Science fiction has long explored the possibility and implications of government omniscience resulting from ever-expanding state surveillance powers. But it’s not just Orwell and Kafka—writers throughout history and across genres have considered such themes with strikingly similar conclusions.  Here are a few works picked by PEN Staffers that showed the vast breadth of surveillance in literature.  The question is, are they innocent fiction or ominous forewarning?


Les Misérables, by Victor Hugo

Scholars credit the rise of modern state surveillance in part to Joseph Fouché, a wily political mastermind who coursed in and out of the French Revolution. After executing thousands of French citizens in a purge, Fouché positioned himself to become the minister of police under Napolean, where he developed an elaborate network of spies and turncoats to control and intimidate dissidents, including Napolean himself. Victor Hugo fictionalized this system in Les Misérables when an unrelenting Inspector Javert pursues the fugitive Jean Valjean throughout France after he violated parole. Hugo’s Javert trails Valjean through informants, rational thought typical of the Enlightenment period, and cold intuition. Was Javert a baritone like the character in the Broadway production ofLes Misérables? We may never know because the real Fouché was doing the watching, and not the other way around.


Harrison Bergeron, by Kurt Vonnegut

Harrison Bergeron takes place in a highly surveilled dystopian state where everyone is made physically and mentally “equal” by various laws that require anyone with any type of advantage to assume a handicap—if you are beautiful, for example, you must wear a mask; if you are intelligent, you must wear thought-distorting headphones. While some characters make an argument for the protections that these laws provide, the story shows a world devoid of any beauty, creativity, or love.


The Book of Daniel, by E.L. Doctorow

E.L. Doctorow has been writing about spies for a long time. The Book of Daniel is a fictionalized account of the trial of Julius and Ethel Rosenberg, two Americans have been accused of passing information about the atomic bomb to the Soviets. More than 40 years and many novels later, Doctorow is focused on a different kind of spy: the government. He worries that government surveillance programs, like those revealed this summer by Edward Snowden, aren’t being kept in check by the president, the press, or the American public.

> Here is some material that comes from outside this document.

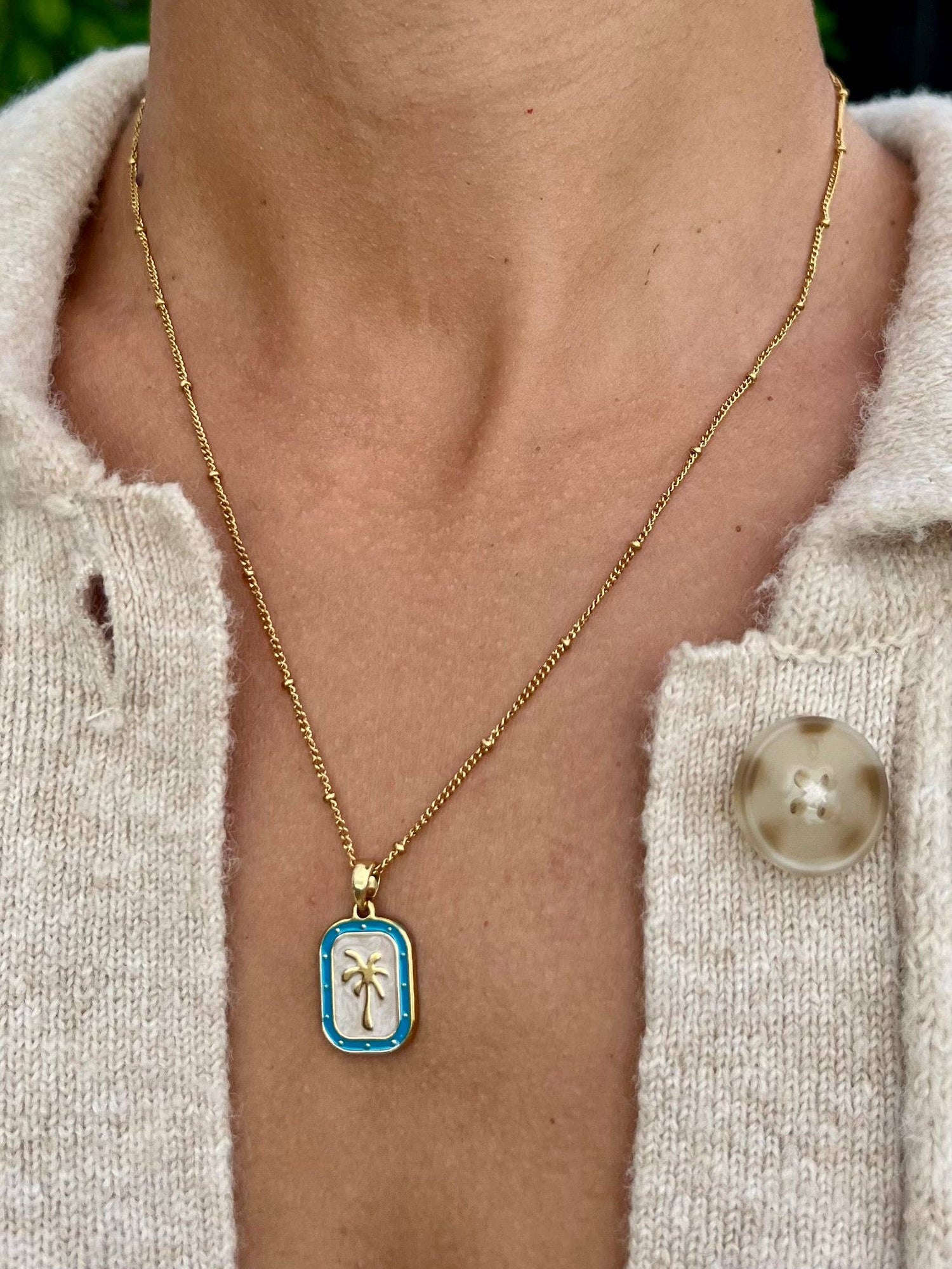Blue Palms Necklace | Waterproof Boho Surfer Beach Jewelry

The Handmaid’s Tale, by Margaret Atwood

Set in the Republic of Gilead—formerly the United States of America—in the not-so-distant future, The Handmaid’s Tale tells a story of terrorism, pollution, and disease where a theorcratic new government has risen to restore order by suspending all constitutional rights.  Women are the most deeply affected, stripped of all privileges and forced to submit to men.  A system of surveillance emerges in Gilead in the form of a secret police force aptly named “the Eyes of God.”  The novel shows not only what can happen when protection and security are used as an excuse to violate and suspend human rights, but also the risks, trust, and organization that are required to mount the resistance.


A Game of Thrones, by George R.R. Martin

“Who can be trusted?” That’s the question posed to Lord Eddard Stark in Game of Thrones, the first book of George R.R. Martin’s A Song of Ice and Fire series. From Varys’s “little birds” to Littlefinger’s spy network, everyone is listening, reporting, and twisting words and actions for their own ends. Trusting in the wrong listeners can have grave consequences, as anyone in King’s Landing knows. Though it’s fantasy, it still posits the same question in our laps: if we’re being surveilled by rulers and watchers over the realm, can we trust anyone? Can we trust ourselves?


A Series of Unfortunate Events, by Lemony Snicket (the pen name of author David Handler)

Count Olaf is one of children’s literature’s most memorable villains.  A former undercover agent in a massive criminal organization, he received training in disguises and secret codes and spun off his own evil theater troupe.  His mission is to steal the family fortune of the Baudelaire orphans whose parents had been his enemies and died in a not so suspicious fire. He is a master of control via his surveillance skills, as symbolized by the all-seeing eye tattooed on his ankle, the eye that watches all his victims.